1770 - The Boston Massacre took place. British soldiers, who had been taunted by colonists (Patriots) and hit with snowballs, opened fire and killed five people.

1790 - The death of Flora Macdonald, the Scottish Jacobite heroine who helped Bonnie Prince Charlie escape after the Battle of Culloden in 1746.

1936 - The British fighter plane Spitfire made its first test flight from Eastleigh, Southampton, powered by a Rolls-Royce Merlin engine.

1960 - Elvis Presley returned to civilian life after two years in the U.S. Army.

1979 – Soviet probes Venera 11, Venera 12 and the American solar satellite Helios II all are hit by "off the scale" gamma rays leading to the discovery of soft gamma repeaters.

1981 – The ZX81, a pioneering British home computer, is launched by Sinclair Research and would go on to sell over 1.5 million units around the world.

2004 - Martha Stewart was found guilty on four counts of obstruction of justice, stemming from her December 2001 sale of shares of biotech stock ImClone.
1899 - Aspirin was patented by chemist Felix Hoffman, Bayer registers it as a trademark.

1926 - The Shakespeare Memorial Theatre at Stratford upon Avon was destroyed by fire.

1930 - Clarence Birdseye's first frozen foods went on sale in Springfield, Massachusetts.

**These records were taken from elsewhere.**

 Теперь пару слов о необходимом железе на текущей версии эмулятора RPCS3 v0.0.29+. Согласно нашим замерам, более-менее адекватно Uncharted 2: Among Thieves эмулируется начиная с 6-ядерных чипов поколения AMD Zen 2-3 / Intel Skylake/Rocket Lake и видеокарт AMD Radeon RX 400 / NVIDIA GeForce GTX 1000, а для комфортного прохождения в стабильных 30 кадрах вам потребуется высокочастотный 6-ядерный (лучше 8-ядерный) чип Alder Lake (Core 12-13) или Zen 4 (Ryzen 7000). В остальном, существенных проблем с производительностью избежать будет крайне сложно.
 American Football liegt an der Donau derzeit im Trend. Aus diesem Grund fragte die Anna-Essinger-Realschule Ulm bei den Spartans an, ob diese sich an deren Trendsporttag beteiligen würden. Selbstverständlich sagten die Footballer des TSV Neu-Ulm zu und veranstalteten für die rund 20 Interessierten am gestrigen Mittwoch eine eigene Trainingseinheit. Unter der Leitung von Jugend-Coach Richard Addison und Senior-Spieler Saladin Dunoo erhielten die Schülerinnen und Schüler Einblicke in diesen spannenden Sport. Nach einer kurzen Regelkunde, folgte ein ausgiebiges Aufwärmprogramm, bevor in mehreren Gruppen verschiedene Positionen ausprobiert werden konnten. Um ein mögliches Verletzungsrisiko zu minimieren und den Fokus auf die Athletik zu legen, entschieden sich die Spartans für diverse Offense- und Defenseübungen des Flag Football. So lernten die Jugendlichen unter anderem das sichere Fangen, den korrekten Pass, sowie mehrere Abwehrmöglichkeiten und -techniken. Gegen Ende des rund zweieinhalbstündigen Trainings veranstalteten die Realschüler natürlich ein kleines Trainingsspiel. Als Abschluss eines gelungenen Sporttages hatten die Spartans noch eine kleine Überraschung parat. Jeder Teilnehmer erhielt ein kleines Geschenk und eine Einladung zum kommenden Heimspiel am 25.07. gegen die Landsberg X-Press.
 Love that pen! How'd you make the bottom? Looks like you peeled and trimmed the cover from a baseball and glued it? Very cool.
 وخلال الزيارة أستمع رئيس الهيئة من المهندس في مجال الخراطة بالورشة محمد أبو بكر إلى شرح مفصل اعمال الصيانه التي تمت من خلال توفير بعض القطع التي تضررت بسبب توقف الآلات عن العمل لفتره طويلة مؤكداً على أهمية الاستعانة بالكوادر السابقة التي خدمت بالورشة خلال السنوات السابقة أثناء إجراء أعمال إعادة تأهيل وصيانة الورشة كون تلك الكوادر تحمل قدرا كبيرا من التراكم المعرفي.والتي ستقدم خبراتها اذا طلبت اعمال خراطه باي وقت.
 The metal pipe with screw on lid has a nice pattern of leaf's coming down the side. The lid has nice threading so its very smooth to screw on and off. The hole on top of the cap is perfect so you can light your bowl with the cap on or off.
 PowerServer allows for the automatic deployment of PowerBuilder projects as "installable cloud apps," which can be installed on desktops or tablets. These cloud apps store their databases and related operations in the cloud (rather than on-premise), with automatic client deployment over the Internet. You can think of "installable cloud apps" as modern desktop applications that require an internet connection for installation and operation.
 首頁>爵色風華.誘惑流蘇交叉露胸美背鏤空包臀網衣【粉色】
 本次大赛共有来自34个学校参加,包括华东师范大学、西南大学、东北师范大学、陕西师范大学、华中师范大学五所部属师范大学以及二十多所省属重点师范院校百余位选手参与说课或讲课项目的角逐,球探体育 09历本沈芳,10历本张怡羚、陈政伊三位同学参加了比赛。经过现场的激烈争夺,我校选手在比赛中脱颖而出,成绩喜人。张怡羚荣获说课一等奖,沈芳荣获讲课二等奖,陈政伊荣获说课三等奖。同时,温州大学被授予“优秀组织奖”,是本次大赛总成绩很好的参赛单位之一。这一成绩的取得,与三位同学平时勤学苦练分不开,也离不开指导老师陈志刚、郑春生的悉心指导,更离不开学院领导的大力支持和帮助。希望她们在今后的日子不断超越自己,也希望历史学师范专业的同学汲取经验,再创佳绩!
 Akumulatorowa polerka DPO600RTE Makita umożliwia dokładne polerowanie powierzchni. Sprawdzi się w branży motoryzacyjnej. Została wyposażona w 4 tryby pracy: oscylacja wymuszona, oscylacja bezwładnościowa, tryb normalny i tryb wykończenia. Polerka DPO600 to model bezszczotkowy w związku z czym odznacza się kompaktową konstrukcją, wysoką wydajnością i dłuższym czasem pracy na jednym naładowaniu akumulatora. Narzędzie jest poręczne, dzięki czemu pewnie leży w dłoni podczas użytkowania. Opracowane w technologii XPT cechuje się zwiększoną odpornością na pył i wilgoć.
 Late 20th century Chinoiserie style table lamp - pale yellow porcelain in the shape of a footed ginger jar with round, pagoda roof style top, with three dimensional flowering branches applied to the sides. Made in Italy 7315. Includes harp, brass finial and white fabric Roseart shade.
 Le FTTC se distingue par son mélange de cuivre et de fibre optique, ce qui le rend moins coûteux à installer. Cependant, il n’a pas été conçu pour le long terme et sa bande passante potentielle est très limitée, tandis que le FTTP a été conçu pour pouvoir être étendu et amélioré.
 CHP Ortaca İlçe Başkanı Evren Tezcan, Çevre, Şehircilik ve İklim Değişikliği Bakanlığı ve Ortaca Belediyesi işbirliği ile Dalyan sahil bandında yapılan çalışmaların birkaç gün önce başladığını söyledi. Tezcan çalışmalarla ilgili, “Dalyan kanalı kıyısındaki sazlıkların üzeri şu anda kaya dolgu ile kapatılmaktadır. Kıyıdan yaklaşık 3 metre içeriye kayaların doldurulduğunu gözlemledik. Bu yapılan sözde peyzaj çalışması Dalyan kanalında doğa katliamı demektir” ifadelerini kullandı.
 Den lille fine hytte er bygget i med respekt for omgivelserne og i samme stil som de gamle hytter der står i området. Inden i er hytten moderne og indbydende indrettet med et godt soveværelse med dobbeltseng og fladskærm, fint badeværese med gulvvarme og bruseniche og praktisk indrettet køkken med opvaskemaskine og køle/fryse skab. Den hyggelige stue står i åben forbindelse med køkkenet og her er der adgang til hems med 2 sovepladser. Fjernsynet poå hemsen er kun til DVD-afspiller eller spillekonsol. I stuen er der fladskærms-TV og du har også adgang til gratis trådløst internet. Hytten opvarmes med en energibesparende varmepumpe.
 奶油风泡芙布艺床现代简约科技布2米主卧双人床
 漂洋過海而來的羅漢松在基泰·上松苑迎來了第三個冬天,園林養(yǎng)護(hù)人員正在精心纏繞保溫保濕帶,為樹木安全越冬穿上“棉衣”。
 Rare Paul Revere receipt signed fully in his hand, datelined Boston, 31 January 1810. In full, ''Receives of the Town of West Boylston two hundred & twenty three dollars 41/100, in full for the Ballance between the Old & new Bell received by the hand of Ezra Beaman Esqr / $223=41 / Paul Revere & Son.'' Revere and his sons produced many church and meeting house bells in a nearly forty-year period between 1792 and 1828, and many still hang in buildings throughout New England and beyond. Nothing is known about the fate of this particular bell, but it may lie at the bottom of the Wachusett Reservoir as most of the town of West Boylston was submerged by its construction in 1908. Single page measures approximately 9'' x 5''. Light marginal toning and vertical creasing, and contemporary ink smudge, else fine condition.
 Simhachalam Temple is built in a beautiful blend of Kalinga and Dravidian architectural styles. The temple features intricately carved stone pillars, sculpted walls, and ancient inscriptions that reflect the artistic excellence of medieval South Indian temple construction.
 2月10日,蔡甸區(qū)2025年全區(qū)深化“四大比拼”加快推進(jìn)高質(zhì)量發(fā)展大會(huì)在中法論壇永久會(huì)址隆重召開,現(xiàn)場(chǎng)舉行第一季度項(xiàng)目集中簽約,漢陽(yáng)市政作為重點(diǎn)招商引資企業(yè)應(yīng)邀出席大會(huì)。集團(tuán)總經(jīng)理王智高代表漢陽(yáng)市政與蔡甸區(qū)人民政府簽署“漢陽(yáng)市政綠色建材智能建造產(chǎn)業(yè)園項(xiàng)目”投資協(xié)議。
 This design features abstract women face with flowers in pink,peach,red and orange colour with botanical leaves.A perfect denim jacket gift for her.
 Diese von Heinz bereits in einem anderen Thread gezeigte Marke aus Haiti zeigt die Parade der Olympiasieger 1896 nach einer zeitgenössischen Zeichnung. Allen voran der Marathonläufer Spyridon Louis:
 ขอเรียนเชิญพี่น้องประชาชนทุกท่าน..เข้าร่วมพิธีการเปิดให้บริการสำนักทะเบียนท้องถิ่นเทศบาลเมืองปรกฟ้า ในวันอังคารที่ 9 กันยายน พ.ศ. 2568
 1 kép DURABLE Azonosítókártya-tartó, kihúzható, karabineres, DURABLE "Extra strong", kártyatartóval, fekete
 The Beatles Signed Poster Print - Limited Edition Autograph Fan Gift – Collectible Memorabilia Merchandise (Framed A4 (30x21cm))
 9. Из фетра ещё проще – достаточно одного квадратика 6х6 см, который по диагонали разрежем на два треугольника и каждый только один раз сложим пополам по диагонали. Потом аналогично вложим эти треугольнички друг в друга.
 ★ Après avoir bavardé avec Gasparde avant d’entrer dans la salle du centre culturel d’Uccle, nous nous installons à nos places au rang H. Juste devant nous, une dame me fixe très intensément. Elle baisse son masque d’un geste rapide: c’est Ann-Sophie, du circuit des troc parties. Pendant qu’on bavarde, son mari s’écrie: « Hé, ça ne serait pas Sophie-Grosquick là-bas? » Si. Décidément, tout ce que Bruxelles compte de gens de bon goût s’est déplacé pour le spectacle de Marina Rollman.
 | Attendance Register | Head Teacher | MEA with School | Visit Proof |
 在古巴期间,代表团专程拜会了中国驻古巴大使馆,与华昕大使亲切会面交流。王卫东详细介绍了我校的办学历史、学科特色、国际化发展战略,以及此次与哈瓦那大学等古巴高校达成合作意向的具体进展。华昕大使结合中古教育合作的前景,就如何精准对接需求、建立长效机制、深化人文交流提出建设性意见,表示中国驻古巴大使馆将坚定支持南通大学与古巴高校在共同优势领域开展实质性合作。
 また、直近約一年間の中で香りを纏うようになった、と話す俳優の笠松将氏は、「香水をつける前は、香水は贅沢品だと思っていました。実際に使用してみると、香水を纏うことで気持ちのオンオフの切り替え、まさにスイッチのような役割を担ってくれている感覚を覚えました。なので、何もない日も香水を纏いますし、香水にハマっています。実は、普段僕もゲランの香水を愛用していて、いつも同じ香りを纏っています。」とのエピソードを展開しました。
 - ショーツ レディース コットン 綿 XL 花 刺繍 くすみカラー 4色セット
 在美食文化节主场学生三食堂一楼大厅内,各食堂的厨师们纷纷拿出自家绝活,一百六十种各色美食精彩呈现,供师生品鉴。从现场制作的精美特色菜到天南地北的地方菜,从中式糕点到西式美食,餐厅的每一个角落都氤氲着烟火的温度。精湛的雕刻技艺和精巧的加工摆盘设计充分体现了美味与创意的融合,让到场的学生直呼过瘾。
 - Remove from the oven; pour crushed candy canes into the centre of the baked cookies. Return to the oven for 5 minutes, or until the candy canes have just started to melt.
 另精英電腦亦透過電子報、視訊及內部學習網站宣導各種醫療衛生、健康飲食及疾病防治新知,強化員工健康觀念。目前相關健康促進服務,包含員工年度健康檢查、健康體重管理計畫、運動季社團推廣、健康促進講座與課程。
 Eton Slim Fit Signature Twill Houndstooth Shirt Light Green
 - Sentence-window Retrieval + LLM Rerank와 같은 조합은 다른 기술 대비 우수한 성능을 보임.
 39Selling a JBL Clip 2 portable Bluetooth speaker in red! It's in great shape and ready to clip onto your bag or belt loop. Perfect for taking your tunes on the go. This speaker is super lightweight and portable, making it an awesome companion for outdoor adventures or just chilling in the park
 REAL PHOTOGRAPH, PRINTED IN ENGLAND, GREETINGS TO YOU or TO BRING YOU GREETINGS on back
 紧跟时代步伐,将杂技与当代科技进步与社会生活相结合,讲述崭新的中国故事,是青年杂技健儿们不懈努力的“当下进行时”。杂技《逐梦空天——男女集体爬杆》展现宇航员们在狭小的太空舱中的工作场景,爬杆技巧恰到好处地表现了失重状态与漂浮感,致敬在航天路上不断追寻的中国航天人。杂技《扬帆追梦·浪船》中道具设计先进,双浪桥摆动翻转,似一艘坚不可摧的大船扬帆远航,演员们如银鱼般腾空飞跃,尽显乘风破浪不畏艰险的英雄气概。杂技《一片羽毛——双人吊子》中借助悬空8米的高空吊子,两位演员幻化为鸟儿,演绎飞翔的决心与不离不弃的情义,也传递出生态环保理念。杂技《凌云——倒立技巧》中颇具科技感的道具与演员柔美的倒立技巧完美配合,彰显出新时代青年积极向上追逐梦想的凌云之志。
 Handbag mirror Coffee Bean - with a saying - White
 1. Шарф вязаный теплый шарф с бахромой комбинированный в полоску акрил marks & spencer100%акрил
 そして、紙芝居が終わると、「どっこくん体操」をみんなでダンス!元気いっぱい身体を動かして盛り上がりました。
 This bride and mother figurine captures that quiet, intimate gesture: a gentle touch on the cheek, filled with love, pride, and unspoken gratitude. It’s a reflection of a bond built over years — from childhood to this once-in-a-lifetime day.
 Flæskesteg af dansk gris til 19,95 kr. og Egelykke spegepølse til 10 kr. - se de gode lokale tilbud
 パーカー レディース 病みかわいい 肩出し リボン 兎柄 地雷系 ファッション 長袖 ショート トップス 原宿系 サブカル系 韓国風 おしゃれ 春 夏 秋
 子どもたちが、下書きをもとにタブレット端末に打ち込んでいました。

1944 - 658 U.S. bombers began a daylight attack on Berlin from bases in Britain and dropped 2,000 tons of bombs.

1964 – Nation of Islam's Elijah Muhammad officially gives boxing champion Cassius Clay the name Muhammad Ali.

1987 - The British owned cross channel ferry the 'Herald of Free Enterprise' left Zeebrugge, Belgium, with its bow doors open. The ferry capsized killing 193 passengers.

1992 - The Michelangelo computer virus was designed to infect MS-DOS systems and remain dormant until March 6, the birthday of Renaissance artist Michelangelo.

1997 - A £650,000 Picasso (Tête de Femme) was stolen from a London art gallery. The thief escaped in a taxi. It was recovered a week later.
(06-03-2011 12:56 )skully Wrote: [ -> ]1997 - A £650,000 Picasso (Tête de Femme) was stolen from a London art gallery. The thief escaped in a taxi. It was recovered a week later.

How on earth did the thief manage to steal a £650,000 Picasso and escape in a taxi? I applaud the thief though for leaving in a taxi. Some style that
1530 - When King Henry VIII's divorce request was denied by the Pope, Henry declared himself as the supreme head of the English church.

1869 - The Suez Canal, the waterway across Egypt connecting the Mediterranean and the Red Sea, was opened.

1876 - The Scottish-born inventor, Alexander Graham Bell, patented the telephone.

1926 - The first transatlantic telephone call was made, from London to New York.

1933 - The board game Monopoly was invented by Charles Darrow.

1968 - The first news programme in colour was broadcast on BBC2.

2009 – The Kepler space observatory, designed to discover Earth-like planets orbiting other stars, is launched.
1990 - malicious fan lost his virginity, i was only 14 at the time!
(07-03-2011 02:29 )The Narcissist Wrote: [ -> ]
(06-03-2011 12:56 )skully Wrote: [ -> ]1997 - A £650,000 Picasso (Tête de Femme) was stolen from a London art gallery. The thief escaped in a taxi. It was recovered a week later.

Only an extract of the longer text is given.